However, despite long evenings at the Brown House or the Obersalzberg, holding forth on how the Jews are perverting the culture of Lapland, he has plenty to do. The SA is increasingly an embarrassment to the Fuhrer with their violence. The Berlin SA, angry at going unpaid, smash up the Berlin Party headquarters. Goebbels calls for help and Hitler flies up from Munich (he isn’t getting airsick any more) to promise the rank-and-file more pay.
Then he takes another key measure to restore SA obedience. He writes to Ernst Röhm in La Paz, who is bored with advising the Bolivian government and the lack of boyfriends, inviting him to take over the SA again.

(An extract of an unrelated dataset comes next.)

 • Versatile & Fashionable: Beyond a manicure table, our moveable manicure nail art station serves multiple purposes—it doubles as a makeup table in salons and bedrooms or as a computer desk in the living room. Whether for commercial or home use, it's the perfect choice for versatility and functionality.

Röhm returns to Germany and Hitler gives him (one of two men allowed to call Hitler by the informal “du” term) the post of Stabschef, command of the 60,000 Brownshirts, and a free hand to run them. Röhm keeps the SA busy by having them create chaos in every movie theater that shows the new Hollywood Oscar-winner, All Quiet On the Western Front. Ultimately Berlin is forced to ban further showing of the anti-militarist film, because of the deliberate SA hooliganism.
Röhm also sets up the NSKK – the Nazi Motor Corps whose Wannsee branch Speer heads briefly – from the SA, to provide the Party with its own transportation arm. Young Germans learn how to drive and maintain a variety of trucks and later wheeled and tracked army transport. It is a nucleus for training the tank and halftrack crews who will inflict the Blitzkrieg on Europe.

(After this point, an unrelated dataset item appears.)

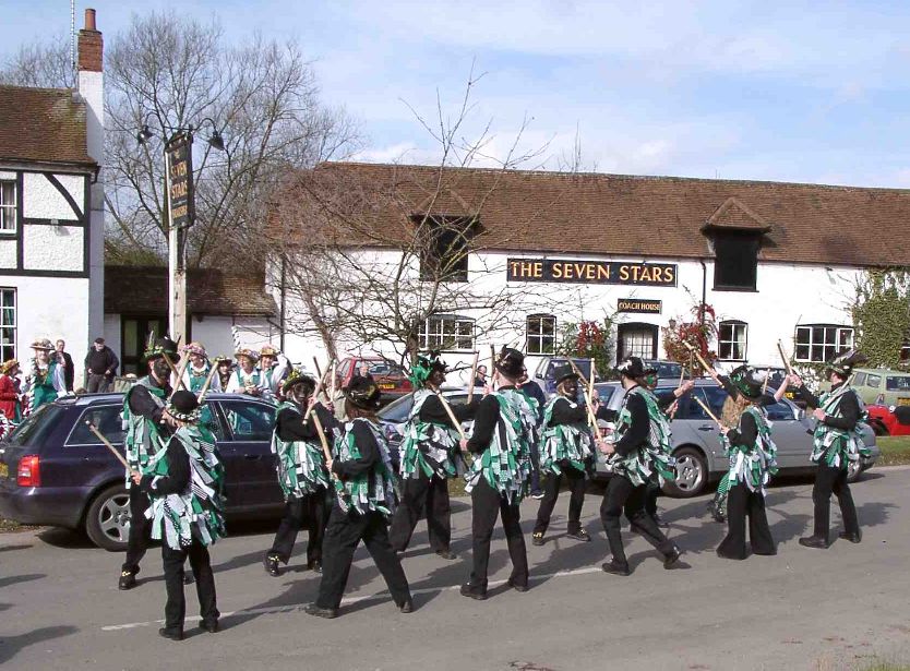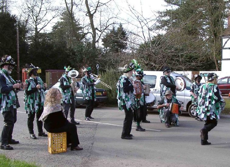 Dancing Sheepskins around 3 hapless (but not hatless) volunteers

The Generalstab is not impressed by the ex-corporal. One of their great fears is that the Army will come under control of Röhm’s SA now that the tubby little Brownshirt leader has returned from Bolivian exile. There are more stormtroopers in the SA than soldaten in the Reichswehr. Röhm is declaring that the generals are out of date and that a new style of war is needed. Röhm doesn’t say what that should be, but he should be in charge of it. “I am the new army’s Scharnhorst,” he tells his staff.
That connection defies belief. Röhm is a noisy, self-indulgent homosexual in an age when such behavior is still condemned as a mental illness. Even worse, Röhm flaunts his behavior, appointing his bedmates to key positions, and pays his SA Intelligence Unit to supply him with new boyfriends from Munich’s Gisela High School. Hitler is annoyed, but reluctant to alienate his goons and their leader.
The Party is now a well-organized machine, led by Hitler, Röhm, Gregor Strasser, Goering, Goebbels, and Frick. Its agricultural organization is led by theorist Walther Darré, its Economic Policy Department by Otto Wagener, the Hitler Youth by a young man who is three-quarters American (replete with American wife) named Baldur von Schirach. This big, pampered boy from the middle-class is a descendant of signers of the Declaration of Independence and suspected of being a pedophile. But he does an effective job of running the Hitler Jugend and the girls’ group, the Bund Deutscher Mädchen.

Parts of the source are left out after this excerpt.